Look through the listing below for the line containing "Production plant San Giovanni al Natisone". Copy it and each line after it up to and including the line containing "3 ivory traffickers, one", exactly, leaving out pictures.

** Extracted material **
[Start of Attachment]
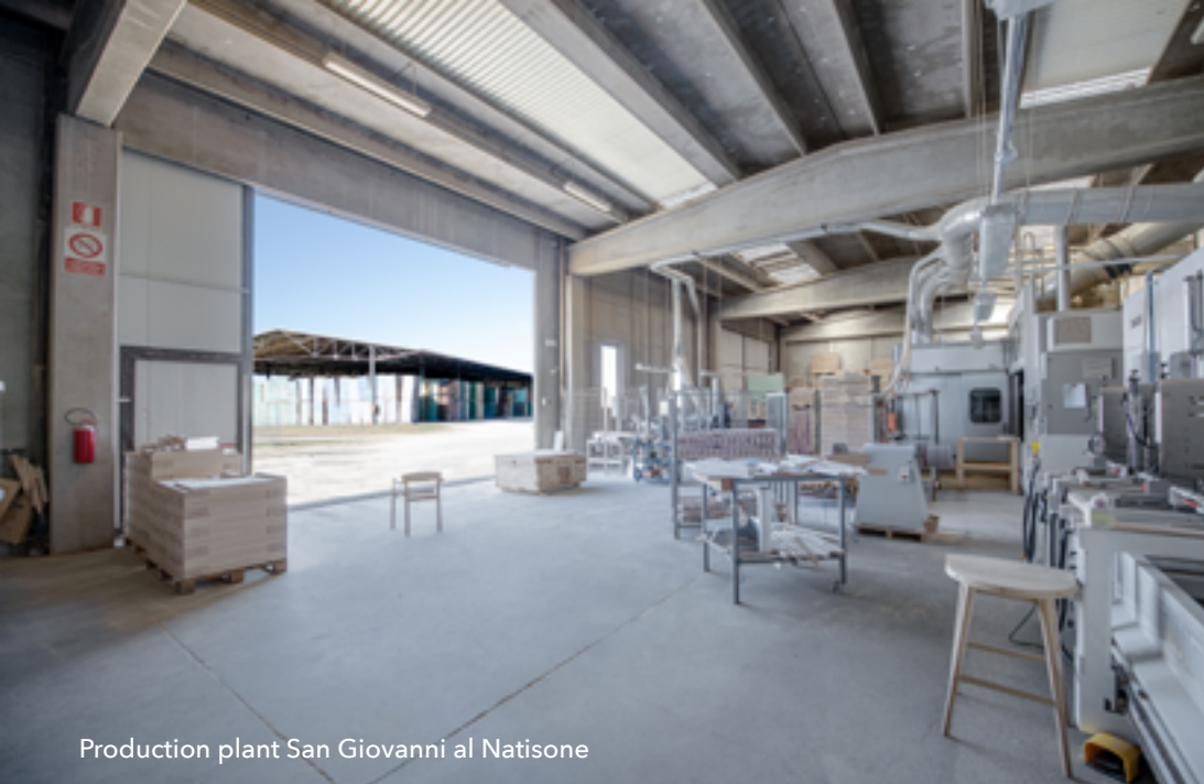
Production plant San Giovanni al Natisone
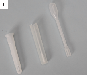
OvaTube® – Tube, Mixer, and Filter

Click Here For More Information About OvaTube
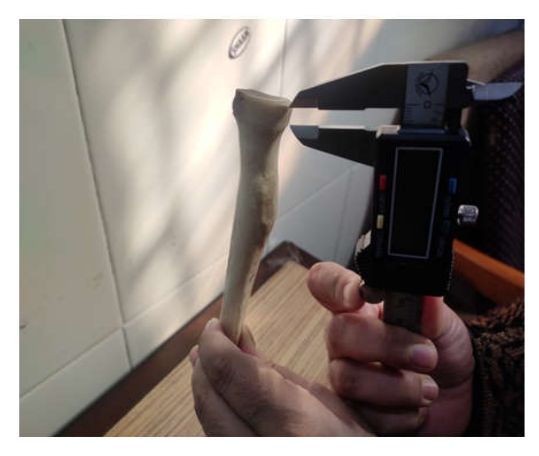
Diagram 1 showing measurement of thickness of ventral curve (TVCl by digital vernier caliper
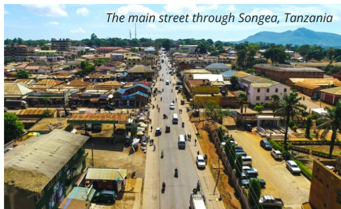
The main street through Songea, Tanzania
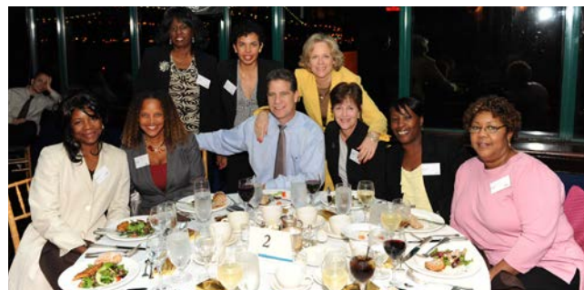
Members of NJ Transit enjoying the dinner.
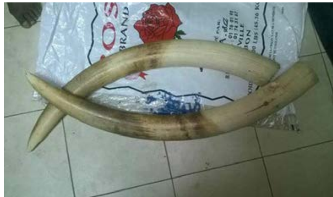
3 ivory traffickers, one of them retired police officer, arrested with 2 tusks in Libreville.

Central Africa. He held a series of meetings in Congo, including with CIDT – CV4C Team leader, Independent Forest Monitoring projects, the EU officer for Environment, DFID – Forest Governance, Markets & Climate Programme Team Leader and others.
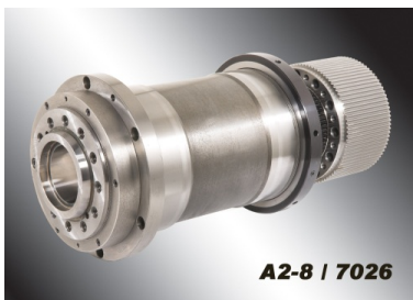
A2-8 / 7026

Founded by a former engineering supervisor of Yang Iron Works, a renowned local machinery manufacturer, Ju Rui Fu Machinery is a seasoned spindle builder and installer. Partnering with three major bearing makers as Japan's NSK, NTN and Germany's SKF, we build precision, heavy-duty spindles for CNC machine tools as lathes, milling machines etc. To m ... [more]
[End of Attachment]
[Start of Attachment]
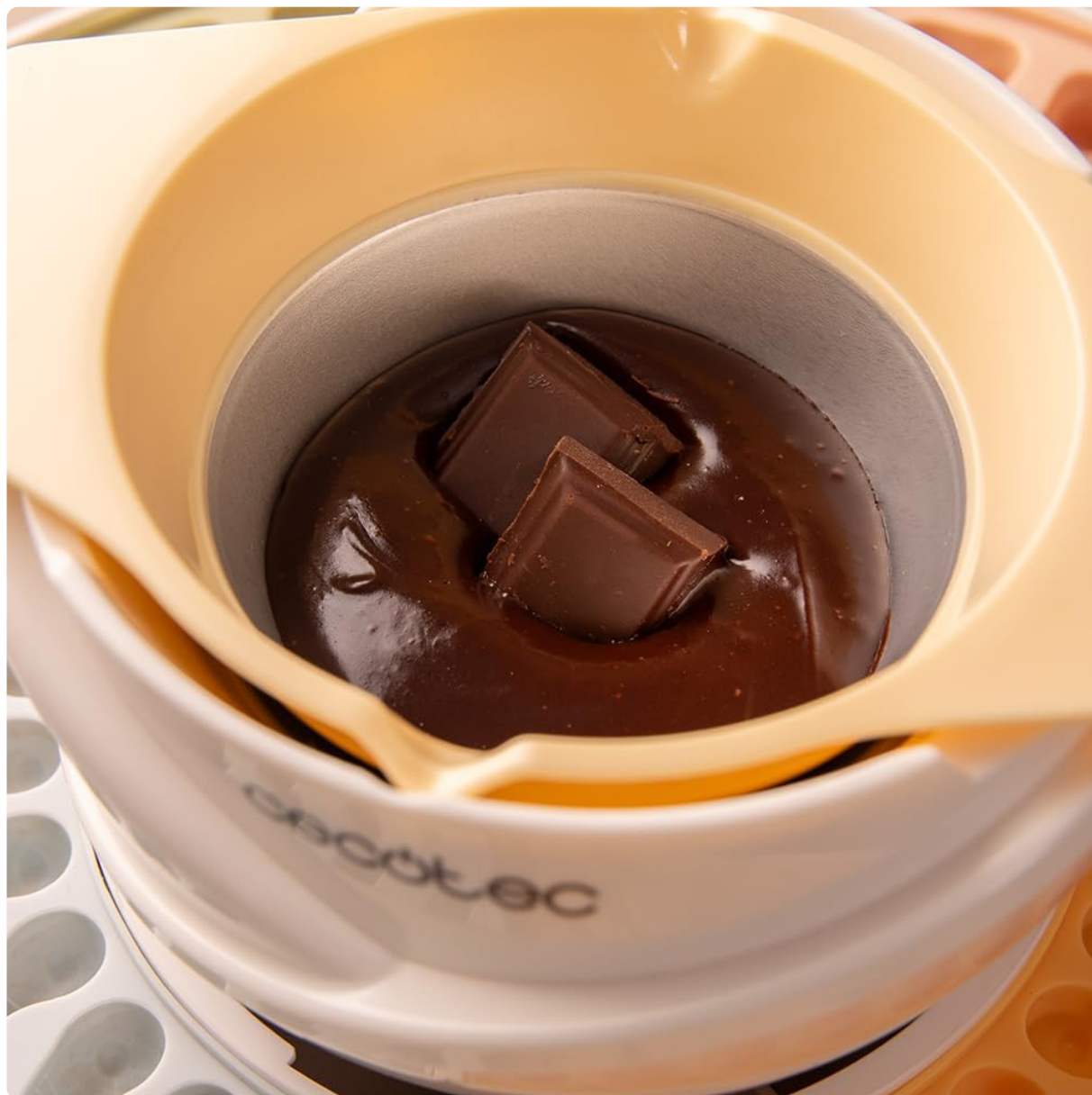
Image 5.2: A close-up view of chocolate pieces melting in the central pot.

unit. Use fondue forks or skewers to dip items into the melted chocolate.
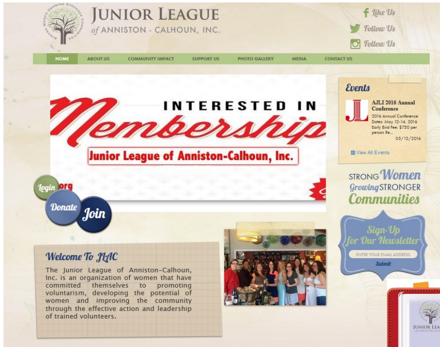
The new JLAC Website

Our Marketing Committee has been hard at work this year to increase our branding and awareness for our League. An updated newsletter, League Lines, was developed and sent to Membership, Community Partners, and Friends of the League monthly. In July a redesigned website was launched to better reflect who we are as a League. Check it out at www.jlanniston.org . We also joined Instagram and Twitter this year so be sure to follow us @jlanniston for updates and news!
[End of Attachment]
[Start of Attachment]
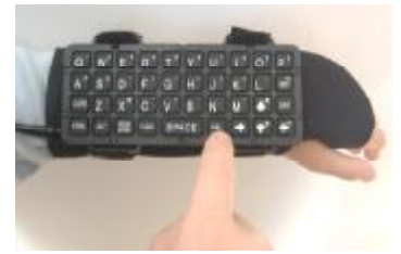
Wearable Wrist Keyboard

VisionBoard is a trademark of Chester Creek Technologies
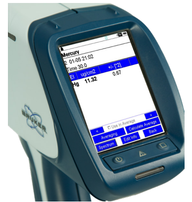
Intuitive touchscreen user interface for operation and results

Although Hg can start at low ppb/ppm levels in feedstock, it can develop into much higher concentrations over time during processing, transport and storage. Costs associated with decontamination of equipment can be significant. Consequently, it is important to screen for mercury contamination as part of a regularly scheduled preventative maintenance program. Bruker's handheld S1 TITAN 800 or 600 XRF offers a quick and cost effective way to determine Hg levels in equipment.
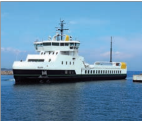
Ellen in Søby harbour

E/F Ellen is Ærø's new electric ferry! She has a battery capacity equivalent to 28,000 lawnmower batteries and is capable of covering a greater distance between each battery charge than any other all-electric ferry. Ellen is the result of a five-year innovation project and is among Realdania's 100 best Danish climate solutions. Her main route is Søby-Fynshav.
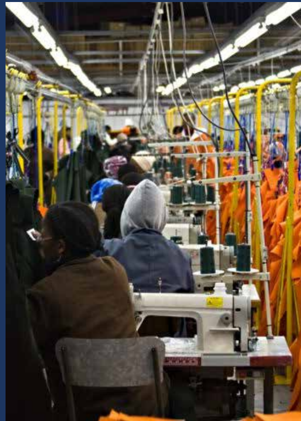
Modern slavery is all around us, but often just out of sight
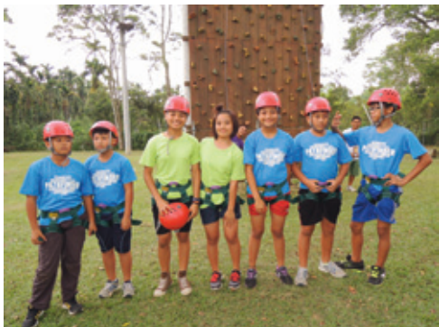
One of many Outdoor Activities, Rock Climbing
[End of Attachment]
** Answer section **
Production plant San Giovanni al Natisone
OvaTube® – Tube, Mixer, and Filter

Click Here For More Information About OvaTube
Diagram 1 showing measurement of thickness of ventral curve (TVCl by digital vernier caliper
The main street through Songea, Tanzania
Members of NJ Transit enjoying the dinner.
3 ivory traffickers, one of them retired police officer, arrested with 2 tusks in Libreville.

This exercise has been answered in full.